Piece by George Frideric Handel

The Keyboard suite in D minor (HWV 437) was composed by George Frideric Handel, for solo keyboard (harpsichord), between 1703 and 1706. It is also referred to as Suite de pièces Vol. 2 No. 4. It was first published in 1733.

==Movements==
The work consists of five movements:

|  | Type | Grove reference | Händel-Gesellschaft reference | Hallische Händel-Ausgabe reference | Notes |
|---|---|---|---|---|---|
| I | Prelude | 107 | xlviii, 149 |  | The prelude did not appear in the first edition published by John Walsh and was taken from Handel's keyboard suite HWV 428. HWV 561 is another version of the prelude. |
| II | Allemande | 108 | ii, 81 | iv/5, 29 |  |
| III | Courante | 109 | ii, 82 | iv/5, 30 |  |
| IV | Sarabande | 110 | ii, 82 | iv/5, 31 | The initial sarabande is followed by two variations thereof. |
| V | Gigue | 111 | ii, 83 | iv/5, 33 |  |

==In popular culture==

The Sarabande has been the subject of a number of instrumental arrangements for inclusion in film scores or TV shows.

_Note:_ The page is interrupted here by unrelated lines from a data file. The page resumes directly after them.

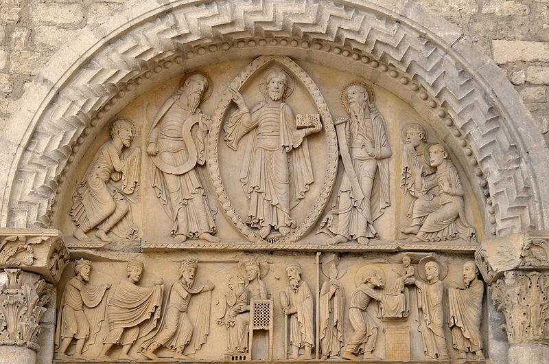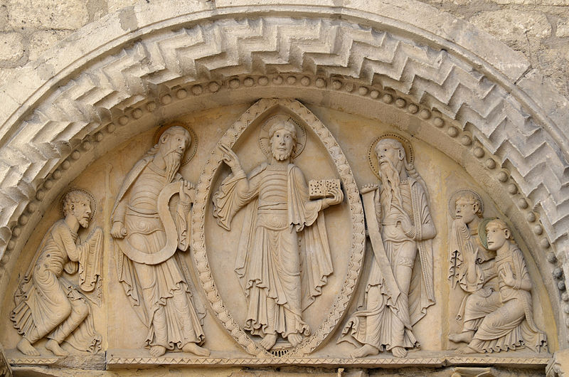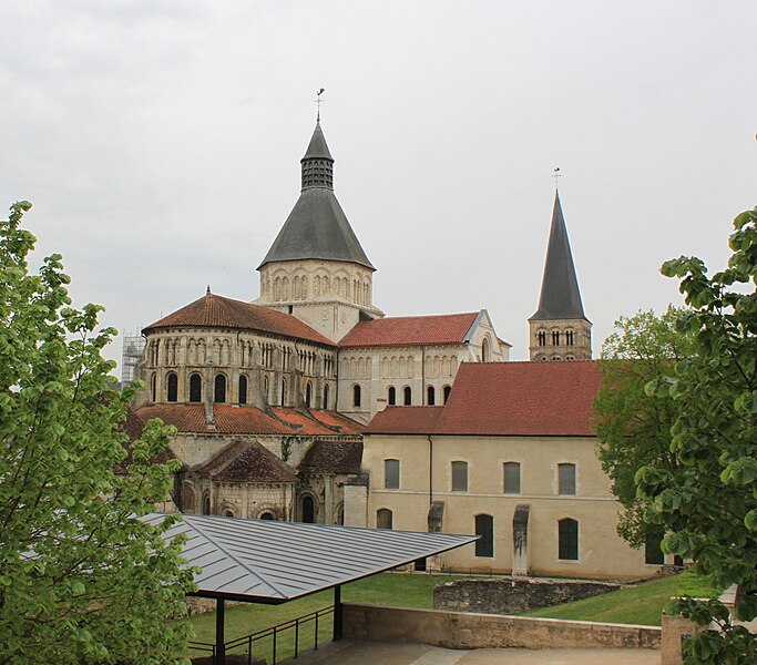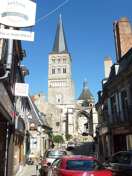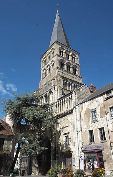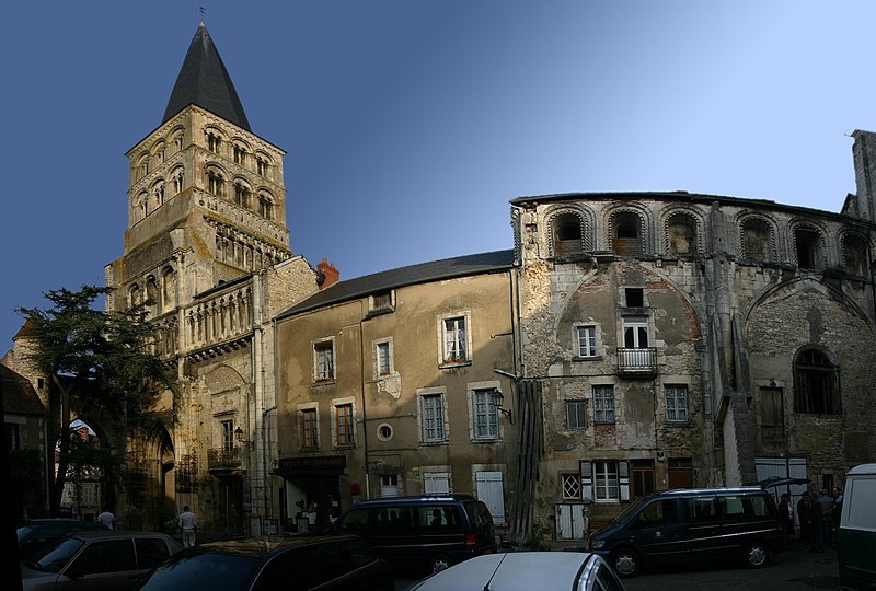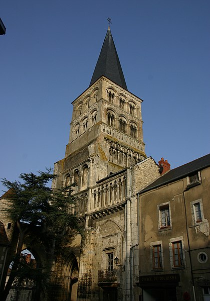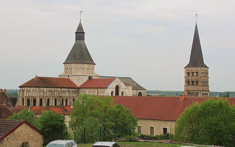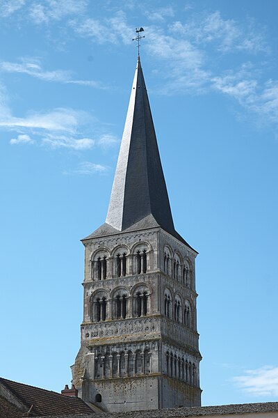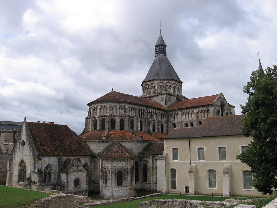 L'église priorale, édifiée au XIIe siècle, se distingue par un chevet à chapelles rayonnantes et une façade occidentale ornée de deux tympans remarquables. Le tympan occidental, daté du début du XIIe siècle, illustre l'Assomption de la Vierge et des scènes liées à l'enfance du Christ, reflet de la forte dévotion mariale de l'ordre clunisien. Le tympan du transept sud, provenant de la façade occidentale et daté de 1132, représente la Transfiguration du Christ, organisée en registres comprenant l'Adoration des Mages et la Présentation au Temple. La nef s'est effondrée au XVIIe siècle ; des vestiges du collatéral nord ont été intégrés à des propriétés privées et inscrits au titre des monuments historiques en 1927.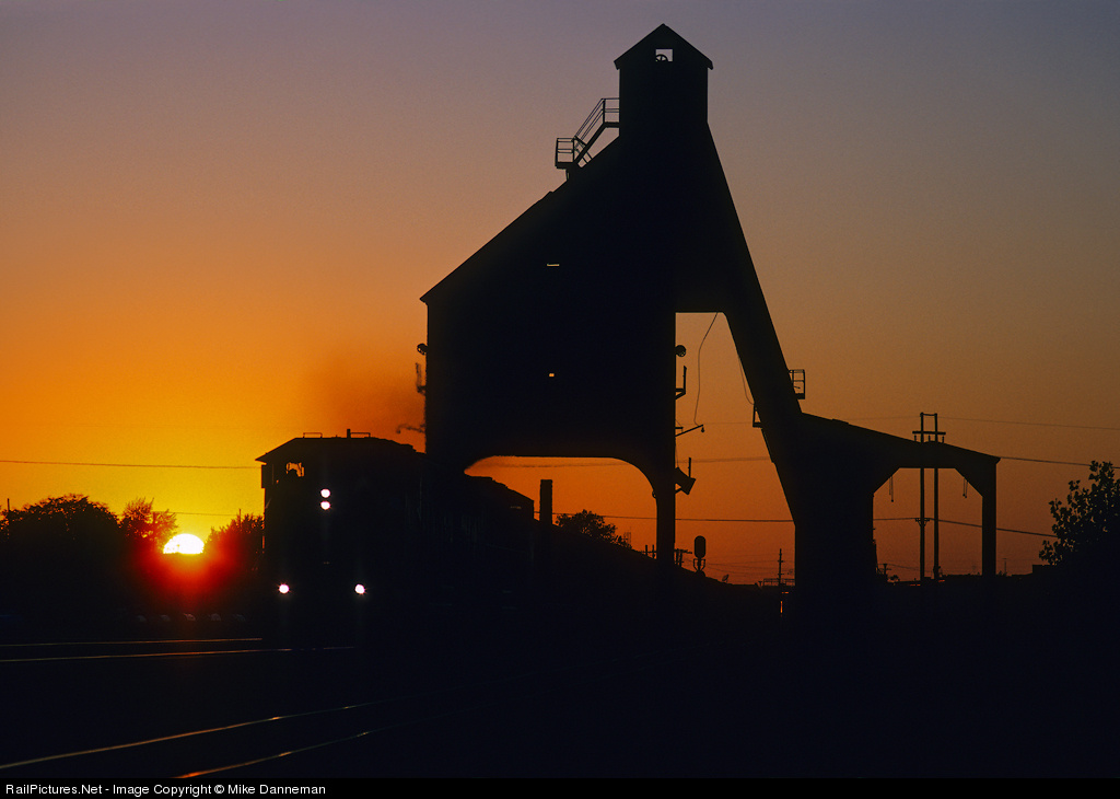 A Chicago and North Western eastbound, with a UP SD60M on the point, thunders underneath the imposing coaling tower at De Kalb, Illinois, at sunset on September 17, 1994.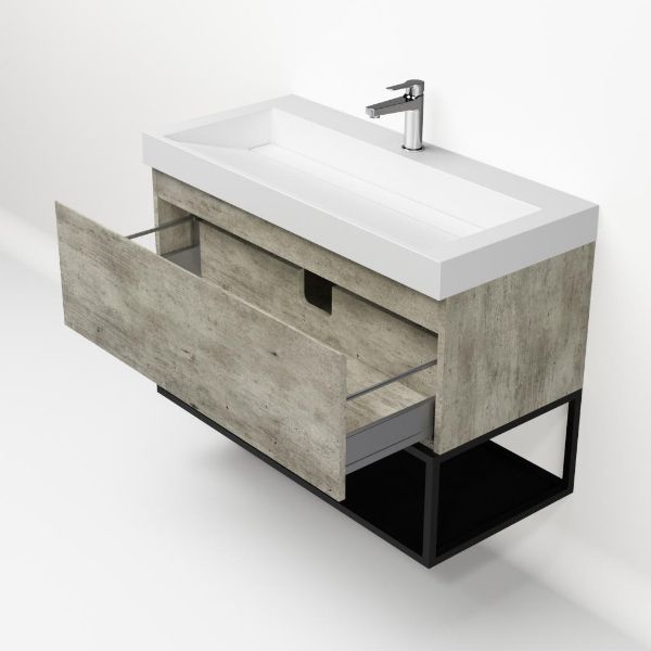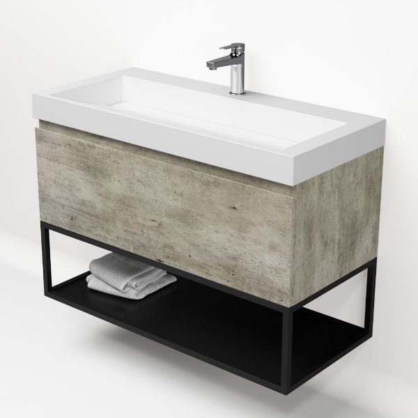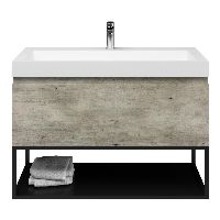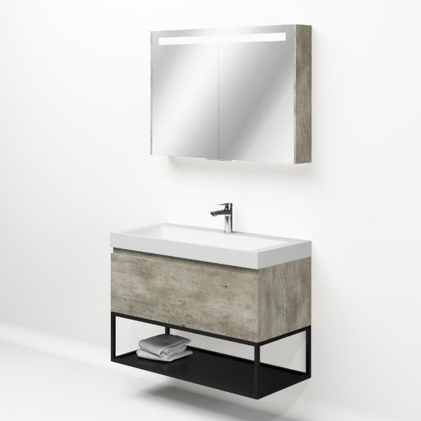 | | Bellanti Solo/Tela/Renzo-q badmeubel 100x46 1 softclose lade steigerhout look grijs greeploos quartz wastafel mat wit met 1 kraangat met mat zwart metalen frame |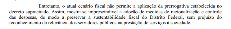 No documento, a pasta afirma que não há “disponibilidade orçamentária” para o pagamento do benefício e orienta que os pedidos não sejam deferidos neste ano eleitoral. A decisão, que diz se basear em critérios de “equilíbrio fiscal e contenção de despesas”, ocorre em meio ao escândalo BRB/Master, que poderá consumir recursos do governo regional.

It has also been used as thematic material for original works.

In most of the examples below, only the original Sarabande without Handel's variations was used.

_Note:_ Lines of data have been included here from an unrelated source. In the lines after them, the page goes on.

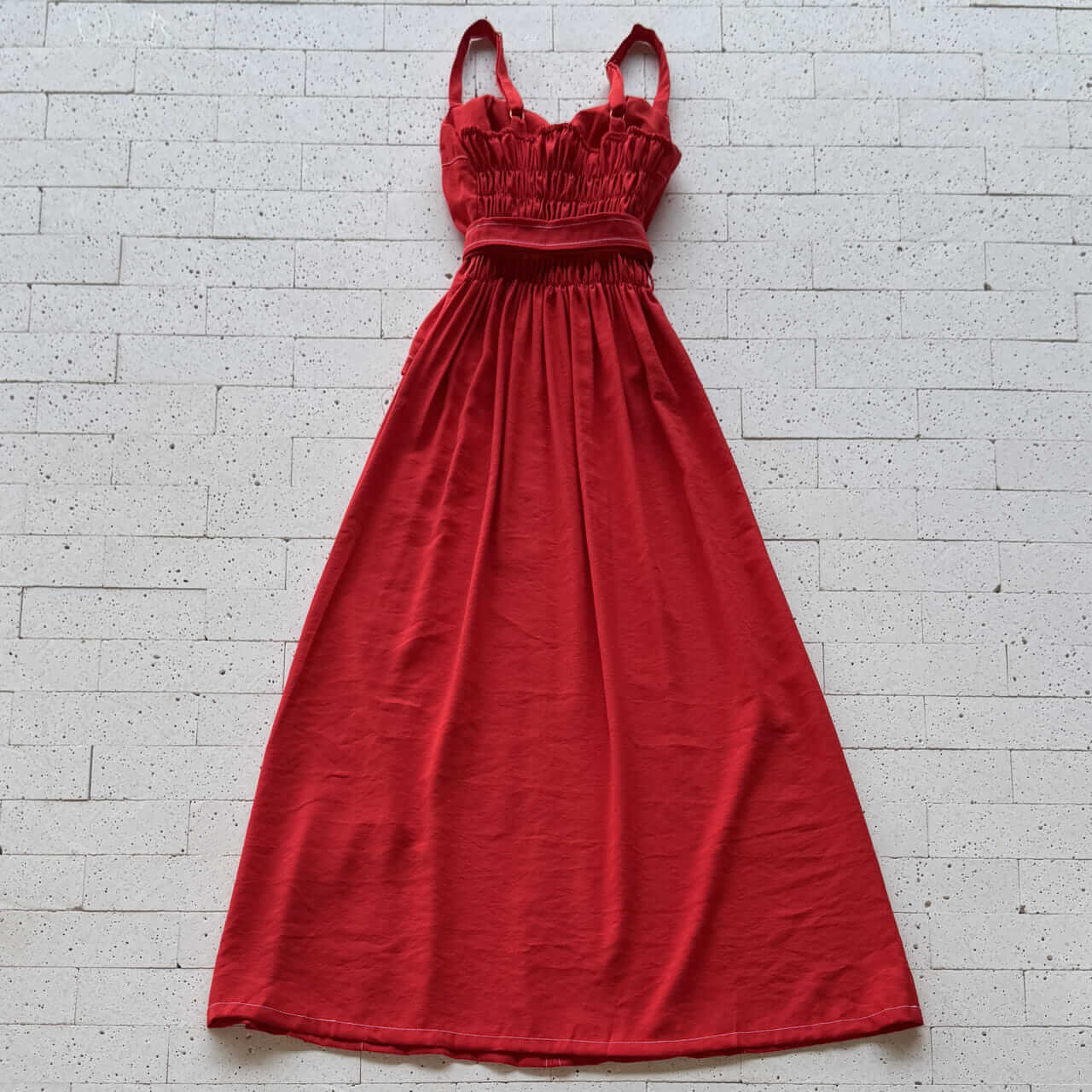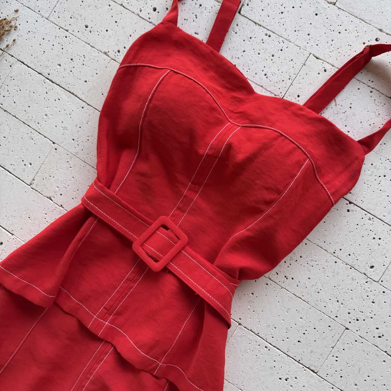 VESTIDO MIDI MARRANT DETALHE SOBREPOSTO E CINTO FAIXA VERMELHO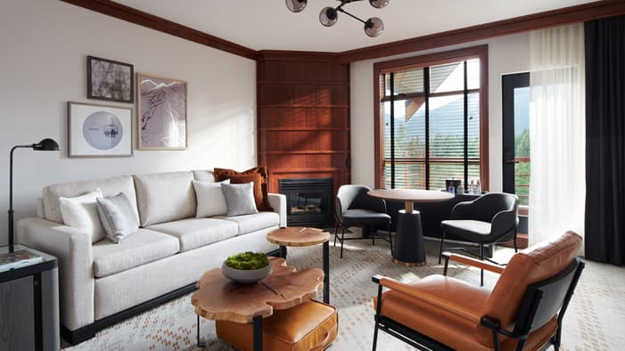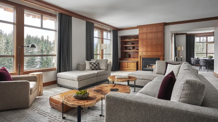 Nuestro hotel en Whistler ofrece ambientes interiores sofisticados con acabados en madera en las habitaciones más grandes, además de chimenea de gas, sala de estar independiente y vistas privilegiadas a las montañas nevadas o al patio y el bosque.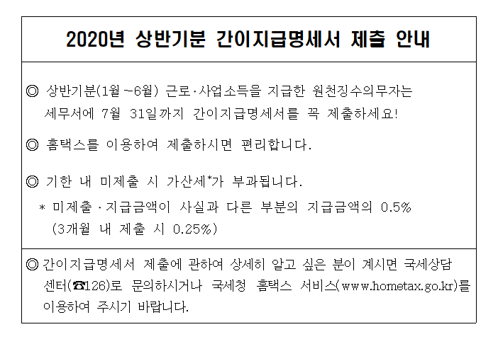 2020년 상반기분 간이지급명세서 제출 안내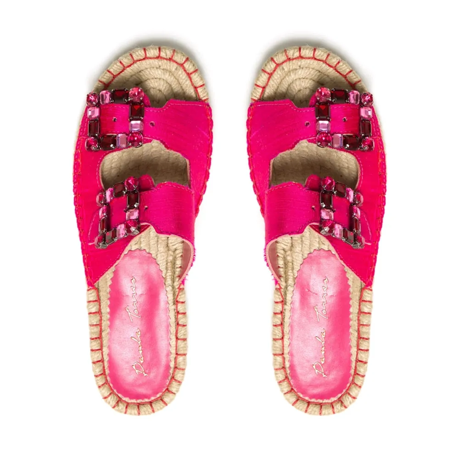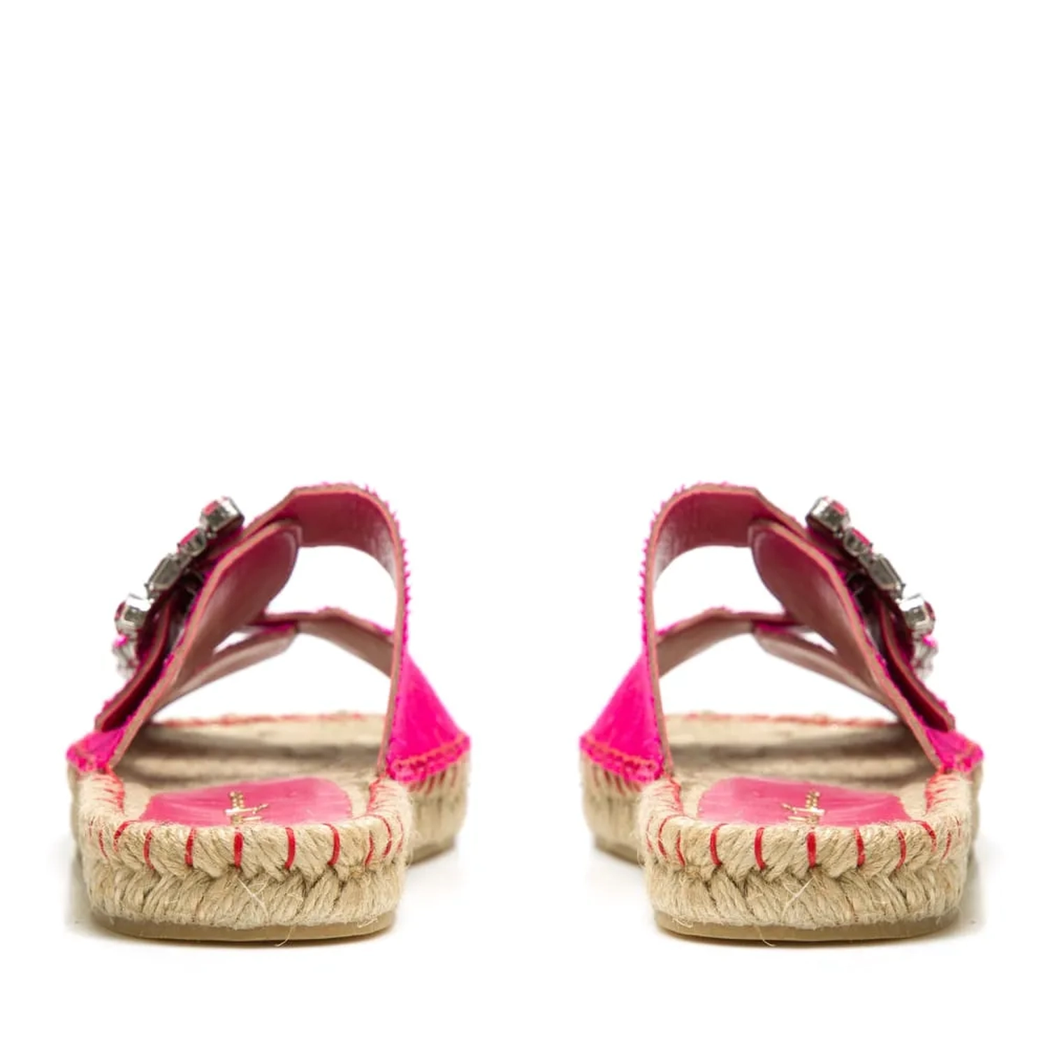 SLIDER LAOS ROSA O Slider Laos é produzido em tecido Shantung. O foco principal são as fivelas em cristais, buscando referências vintage, mas com foco na praticidade. Palmilha em corda com pesponto na cor do cabedal.

The work was used in an orchestral arrangement by Leonard Rosenman for the Stanley Kubrick period drama film Barry Lyndon (1975).

The work was quoted by Joe Hisaishi in the song "Nausicaä · Requiem" from his score for the Hayao Miyazaki animated film Nausicaä of the Valley of the Wind (1984).

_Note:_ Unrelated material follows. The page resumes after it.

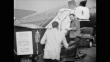 The Munsters TV show style coach vehicle parked at Kennedy Airport / CU sign on window stating: 'NEW YORK IS A MUNSTER FESTIVAL' / Actors Al Lewis and Fred Gwynne of the show step off plane / Lewis and Gwynne get on coach and slowly drive away.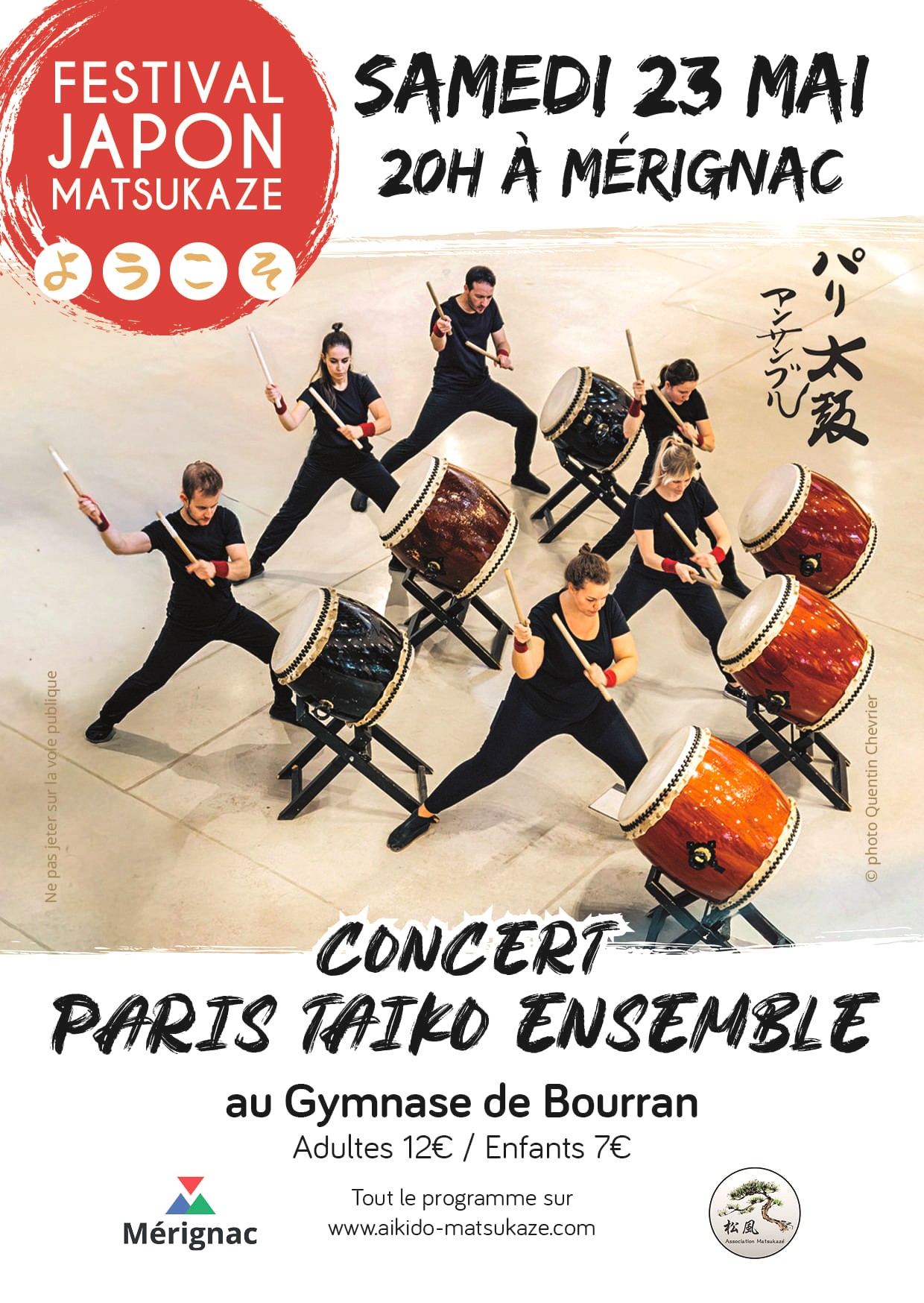 20h Concert de Paris Taiko Ensemble, les tambours du Japon 12€ adultes / 7€ enfants (- de 13ans) Règlement du concert sur place ou sur Hello Asso

Dutch singer Petra Berger used the work as the musical setting for her song about Mary, Queen of Scots, "Still a Queen (In My End Is My Beginning)", from her album Eternal Woman (2001).

In 2002, an arrangement by John Altman was used in the so-called "Odyssey" commercial for Levi's.

The work was then recycled in the UK TV advert for the tropical drink Lilt.

In 2005, the Sarabande was featured in the It's Always Sunny in Philadelphia season 1 episode "Charlie Got Molested".

Danish DJ Christian Steen Jensen (alias Camena) used the work in his release of a set of Sarabande (2006) variations.

The Dave Gorman British TV comedy series Modern Life is Goodish (2013-2017; 2025) uses the Sarabande and both of its variations to accompany his 'found poem' section in every episode, performed by the Billroth String Quartet/Ensemble.

The Sarabande was featured in the episode "Warp and Weft" (2017; S02E03) of the second season of the ITV period drama TV series Victoria.

An orchestral version of the work was used on the first episode of The ABC Murders (2018), a television mini-series based on the Agatha Christie novel The A.B.C. Murders (1936), starring John Malkovich as Poirot.

Anders plays this Suite in D Minor, Allemande on the piano in the film "Oslo, August 31st"; director Joachim Trier - right before he dies by heroin overdose.